Sprint Bioscience develops innovative drugs focused on cancer. We work with a broad project portfolio and develop short-term parallel projects in the pre-clinical phase, until we have identified a drug candidate ready for clinical studies.
Cancer cells’ metabolism differs significantly from the original tissue from which they originate. Cancer cells proliferate more rapidly than normal healthy cells and adapt their metabolism to drive a faster formation of various cellular components such as nucleotides, amino acids, and lipids.
Cancer cells also create an environment in the tumor that favors their own survival at the expense of the body’s healthy cells. The tumor environment becomes acidic, with a lower concentration of oxygen and nutrients, which makes it more difficult for the body’s own cells to survive. This also makes it harder for the body’s immune cells to do their job, and the body’s natural protection against cancer is weakened.
Altered metabolism is crucial for the ability of cancer cells to spread to other parts of the body, and this provides an opportunity to develop cancer therapies that not only reduce the growth of existing tumors but also reduce the risk of the appearance of daughter tumors, e.g. metastasis.

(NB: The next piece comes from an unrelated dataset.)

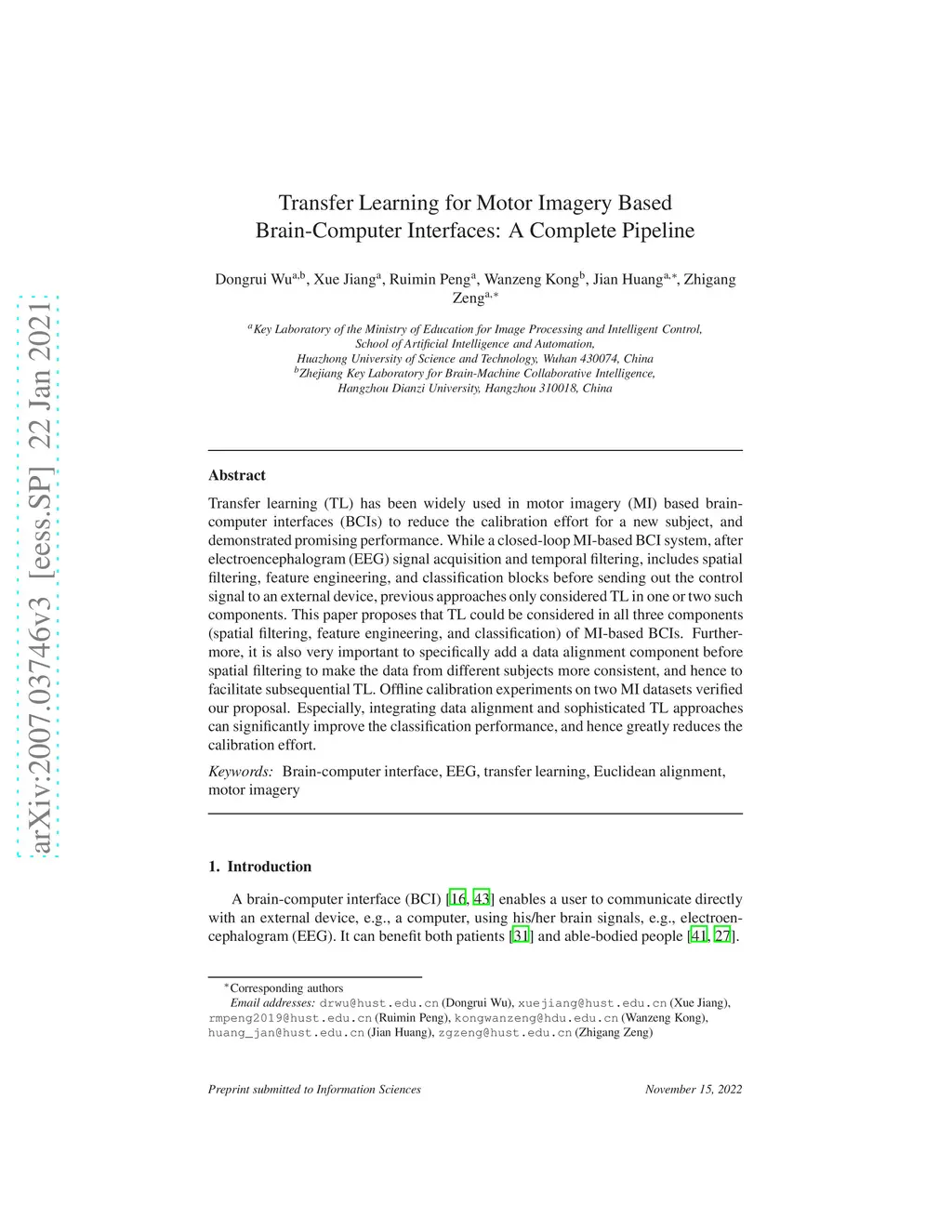Transfer Learning for Motor Imagery Based Brain-Computer Interfaces: A

By attacking the metabolic processes in the tumor we can fight cancer on several fronts: partly reducing the growth of cancer cells, recreating a better balance in the tumor’s micro environment, reducing the risk of cancer spreading to other parts of the body and last but not least, strengthening the body’s own immune system.
Tumor metabolism is a therapeutic area that has attracted significant interest lately and a large number of global pharmaceutical companies are interested in the area. At Sprint Bioscience, we work long-term in expanding and strengthening our expertise in this area to become the obvious partner for companies that aim to be leaders in the field.
Diabetes and NASH
Diabetes is caused by a metabolic shift of the cells whereby insulin sensitivity has deteriorated. This leads to elevated blood sugar despite high insulin levels. The high blood sugar is partly caused by decreased sugar uptake in muscle cells and partly by increased excretion of sugar from the liver. Today’s therapies have limited efficacy, so there is still a great need for new drugs for type 2 diabetes.

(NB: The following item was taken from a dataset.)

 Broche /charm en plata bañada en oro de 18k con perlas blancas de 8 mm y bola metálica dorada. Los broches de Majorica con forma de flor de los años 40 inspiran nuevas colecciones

One of the sequelae that can affect patients with type 2 diabetes is non-alcoholic steatohepatitis (NASH). NASH, or liver stomach/fat liver as it is also called, is hepatic inflammation and liver damage caused by the accumulation of fat in the liver. NASH belongs to a group of states called “non-alcohol related”. For some people the fat causes inflammation and damages cells in the liver and, because of the damage, liver function is diminished. NASH can worsen and cause scarring in the liver, leading to liver cirrhosis. It is one of the main reasons for the need for liver transplantation. NASH is similar to the type of liver disease caused by prolonged and heavy consumption of alcohol, but NASH occurs in people who do not abuse alcohol.